#### Task to carry out
Retype only the lines from the top of the records to the line with "Βραχιόλι με άγκυρα", including that line but none of the pictures.
###
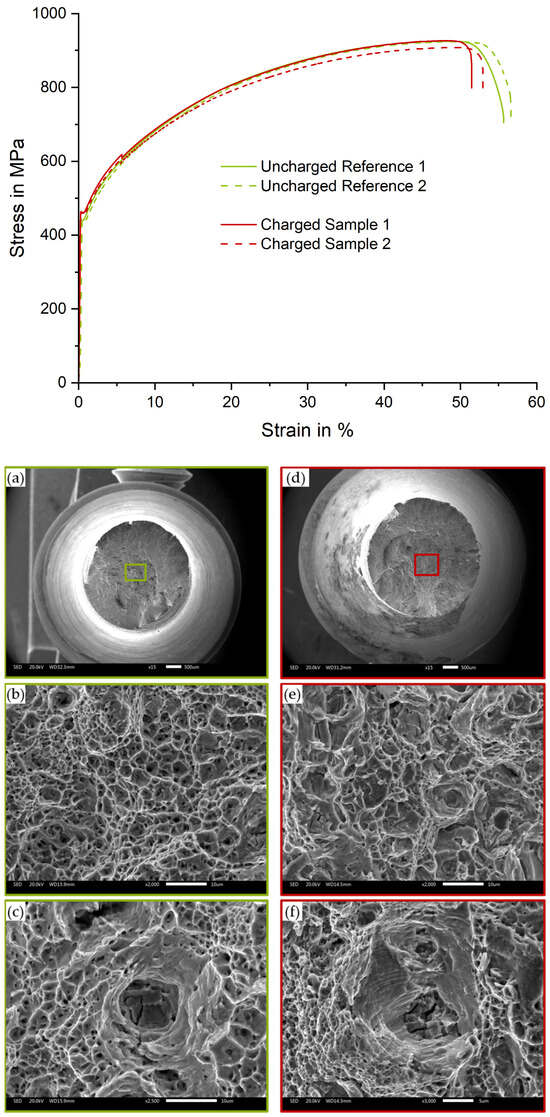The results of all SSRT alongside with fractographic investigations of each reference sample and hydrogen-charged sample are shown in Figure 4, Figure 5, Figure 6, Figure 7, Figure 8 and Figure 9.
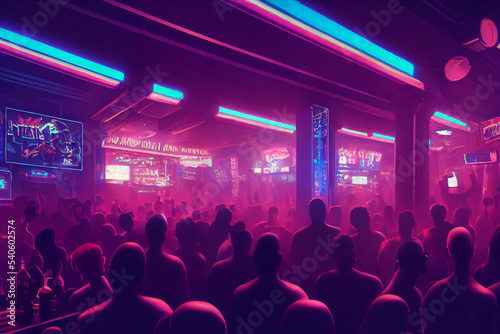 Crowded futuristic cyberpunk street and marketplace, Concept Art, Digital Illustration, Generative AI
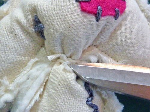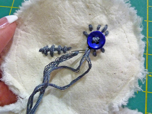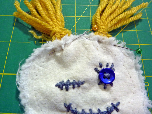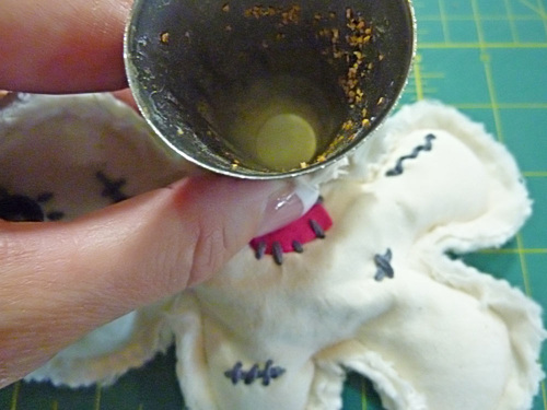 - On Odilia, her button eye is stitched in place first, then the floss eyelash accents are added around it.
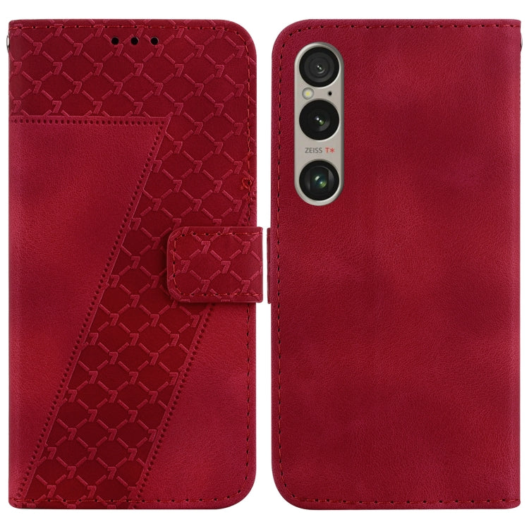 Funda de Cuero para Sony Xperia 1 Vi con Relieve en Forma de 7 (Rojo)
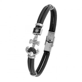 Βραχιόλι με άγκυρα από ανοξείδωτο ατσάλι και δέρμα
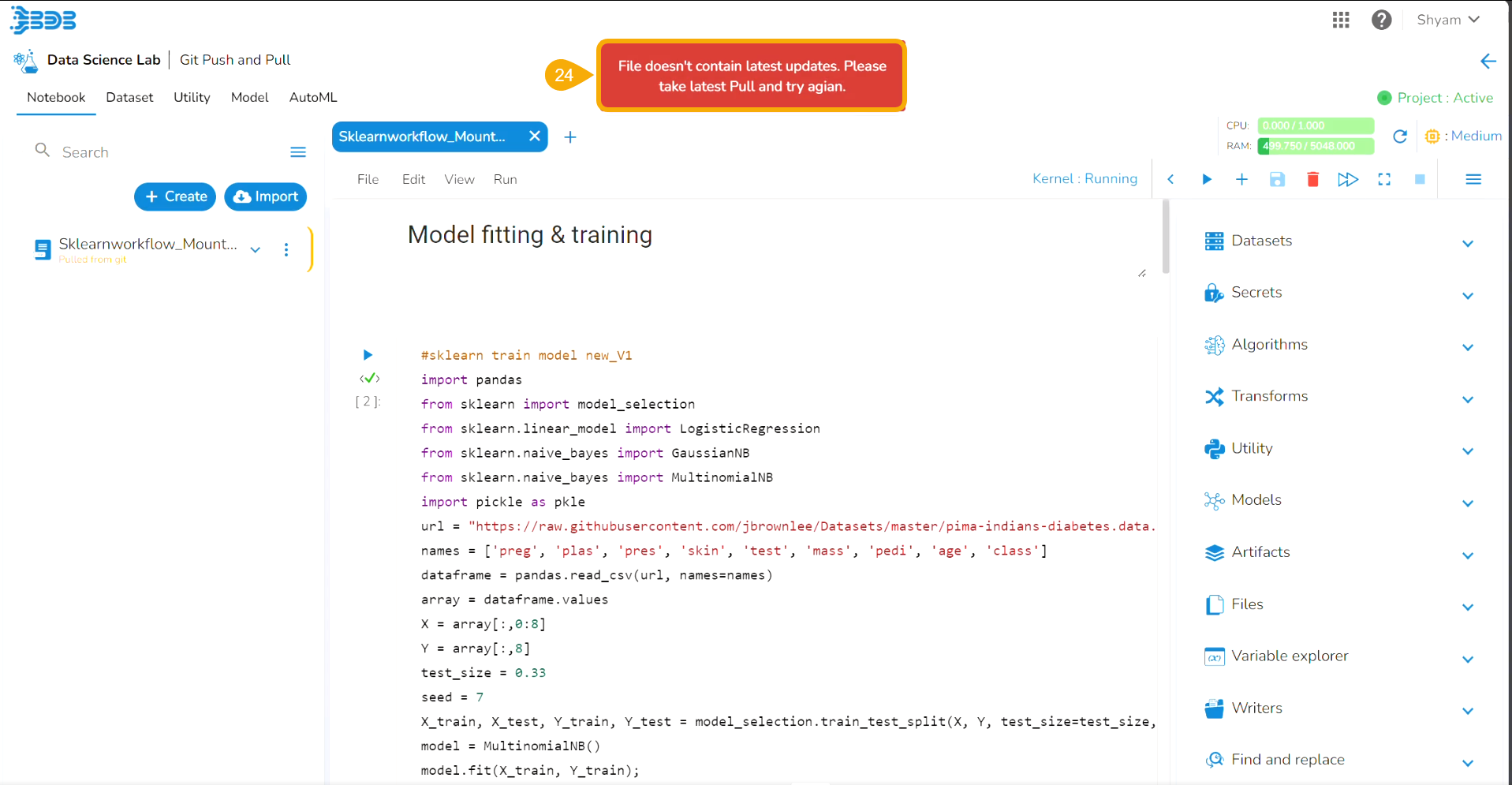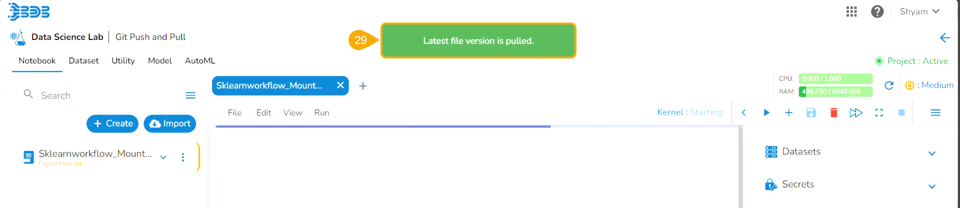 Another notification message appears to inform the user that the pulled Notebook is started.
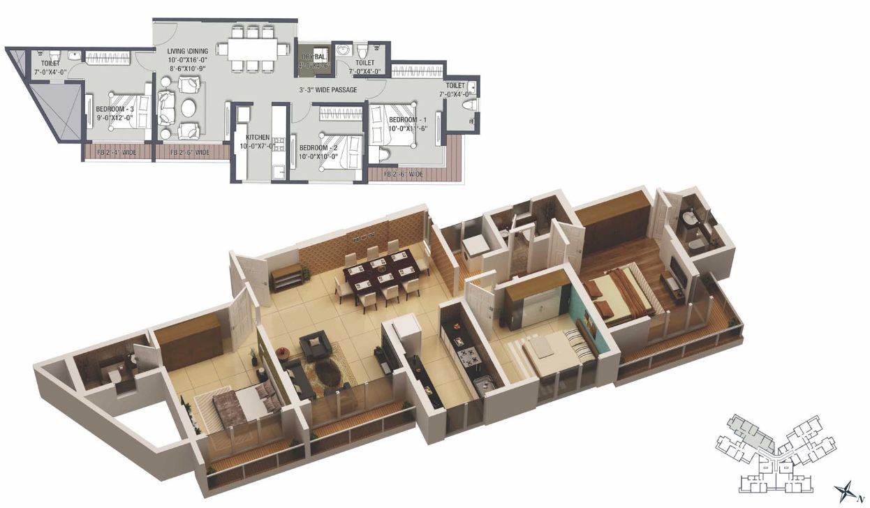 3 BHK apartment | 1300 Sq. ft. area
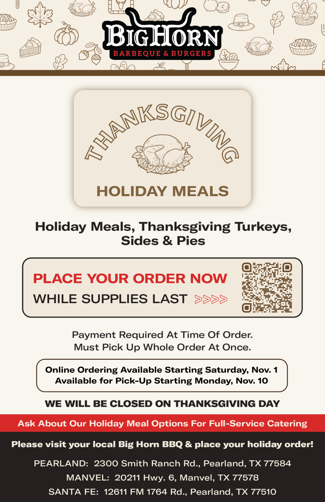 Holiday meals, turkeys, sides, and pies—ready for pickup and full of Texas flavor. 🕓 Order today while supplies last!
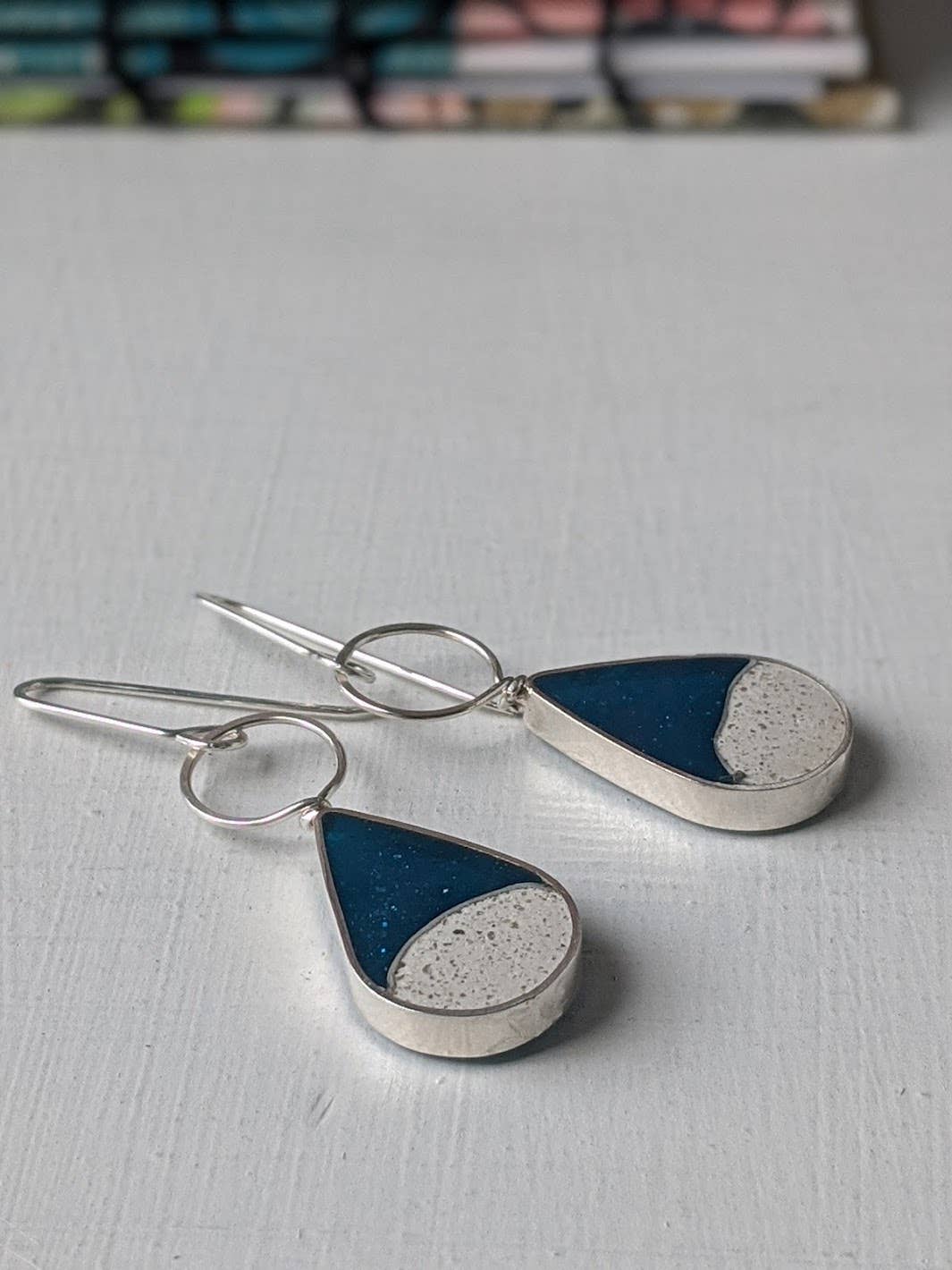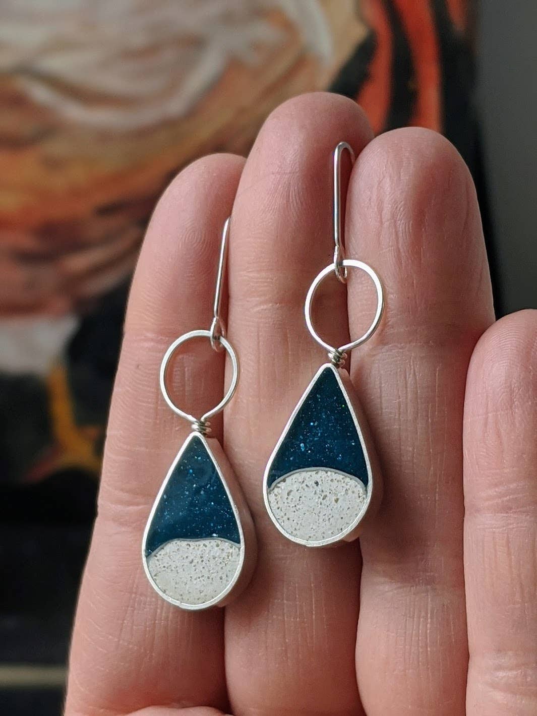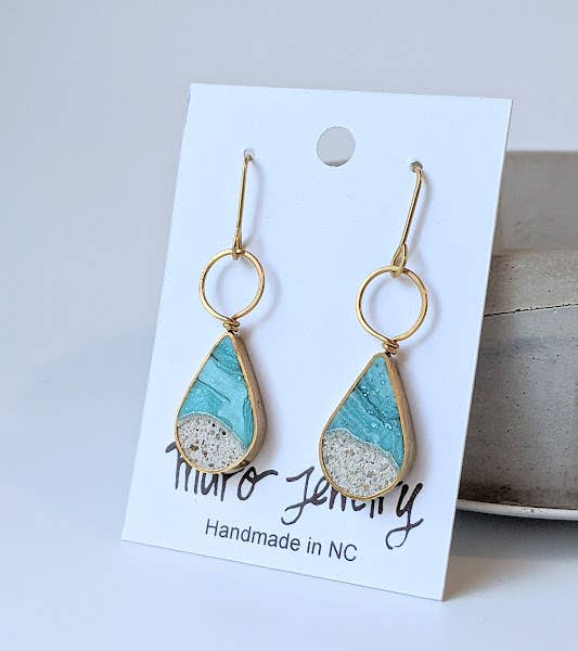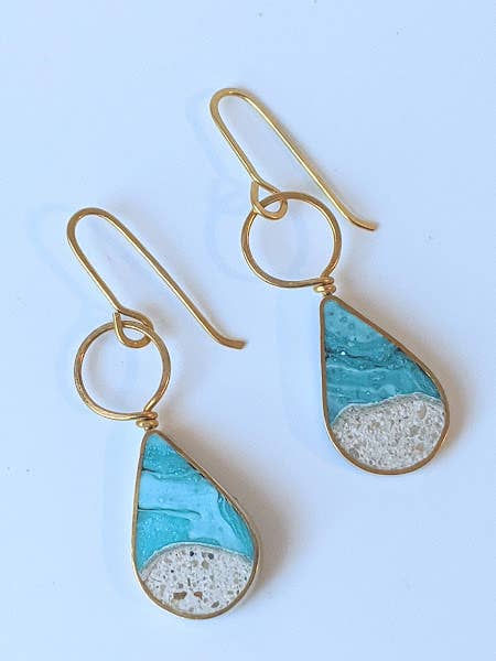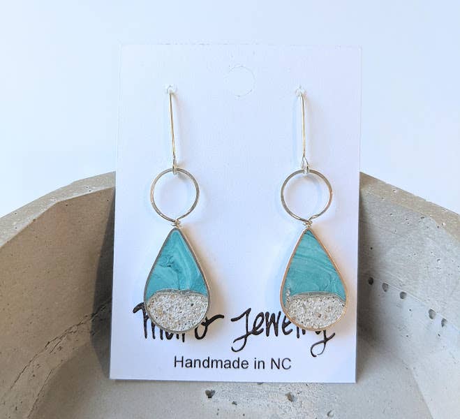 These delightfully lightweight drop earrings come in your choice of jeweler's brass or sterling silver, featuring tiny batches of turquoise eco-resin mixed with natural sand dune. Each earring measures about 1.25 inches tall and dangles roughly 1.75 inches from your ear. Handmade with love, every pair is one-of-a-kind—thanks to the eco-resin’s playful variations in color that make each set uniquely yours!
###
#### Your solution
The results of all SSRT alongside with fractographic investigations of each reference sample and hydrogen-charged sample are shown in Figure 4, Figure 5, Figure 6, Figure 7, Figure 8 and Figure 9.
 Crowded futuristic cyberpunk street and marketplace, Concept Art, Digital Illustration, Generative AI
 - On Odilia, her button eye is stitched in place first, then the floss eyelash accents are added around it.
 Funda de Cuero para Sony Xperia 1 Vi con Relieve en Forma de 7 (Rojo)
 Βραχιόλι με άγκυρα από ανοξείδωτο ατσάλι και δέρμα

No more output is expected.